COMPARATIVE STUDY
JOURNAL ARTICLE

Neurally triggered breaths have reduced response time, work of breathing, and asynchrony compared with pneumatically triggered breaths in a recovering animal model of lung injury

Mark J Heulitt, Katherine C Clement, Shirley J Holt, Tracy L Thurman, Chan-Hee Jo
Pediatric Critical Care Medicine 2012, 13 (3): e195-203
22079957

OBJECTIVE: Our objective was to compare response time, pressure time product as a reflection of work of breathing, and incidence and type of asynchrony in neurally vs. pneumatically triggered breaths in a spontaneously breathing animal model with resolving lung injury.

DESIGN: Prospective animal study.

SETTING: Experimental laboratory.

SUBJECTS: Male Yorkshire pigs.

INTERVENTIONS: Intubated, sedated pigs were ventilated using neurally adjusted ventilatory assist and pressure support ventilation with healthy and sick/recruited lungs. After injury, the lung was recruited using a computer-driven protocol. Respiratory mechanics were determined using a forced oscillation technique, and airway flow and pressure waveforms were acquired using a pneumotachograph.

MEASUREMENTS AND MAIN RESULTS: Waveforms were analyzed for trigger delay, pressure time product, and asynchrony. Trigger delay was defined as the time interval (ms) from initiation of a breath to the beginning of ventilator pressurization. Pressure time product was measured as the area of the pressure curve for animal effort (area A) and ventilator response (area B).
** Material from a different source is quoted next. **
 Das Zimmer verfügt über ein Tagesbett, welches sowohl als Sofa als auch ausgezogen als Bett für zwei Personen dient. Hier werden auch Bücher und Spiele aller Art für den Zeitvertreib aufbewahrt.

Asynchrony was classified according to triggering problems, adequacy of flow delivery, and adequate breath termination. Mean values were compared using the Wilcoxon signed-ranks test (p < .05). Trigger delay (ms) was less in neurally triggered breaths (pressure support ventilation healthy 104 ± 27 vs. neurally adjusted ventilatory assist healthy 72 ± 30, pressure support ventilation sick/recruited 77 ± 18 vs. neurally adjusted ventilatory assist sick/recruited 38 ± 18, p < .01). Pressure time product areas A and B were decreased for neurally triggered breaths compared with pressure support ventilation in both healthy and recruited animals (p ≤ .02). Overall, the percentage of asynchrony was less for neurally adjusted ventilatory assist breaths in the recruited animals (pressure support ventilation 27% and neurally adjusted ventilatory assist 6%).
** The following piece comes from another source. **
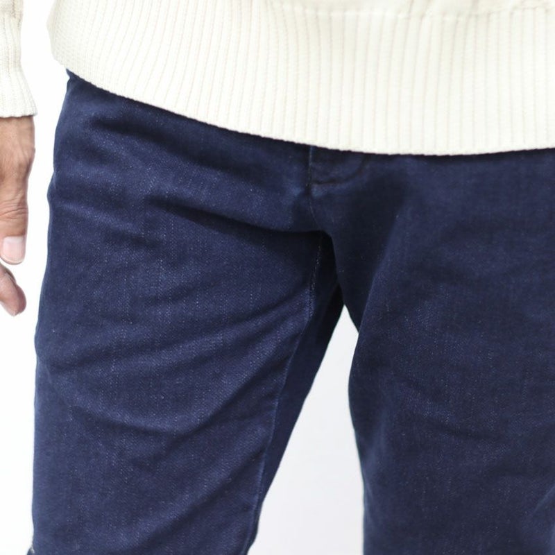 デニム本来の加工感を大事にし独自の加工や染めを施しヒゲ、アタリは品良く抑えめで艶感のあるデニム生地を採用。

CONCLUSIONS: Neurally triggered breaths have reduced asynchrony, trigger delay, and pressure time product, which may indicate reduced work of breathing associated with less effort to trigger the ventilator and faster response to effort. Further study is required to demonstrate if these differences will lead to decreased days of ventilation and less use of sedation in patients.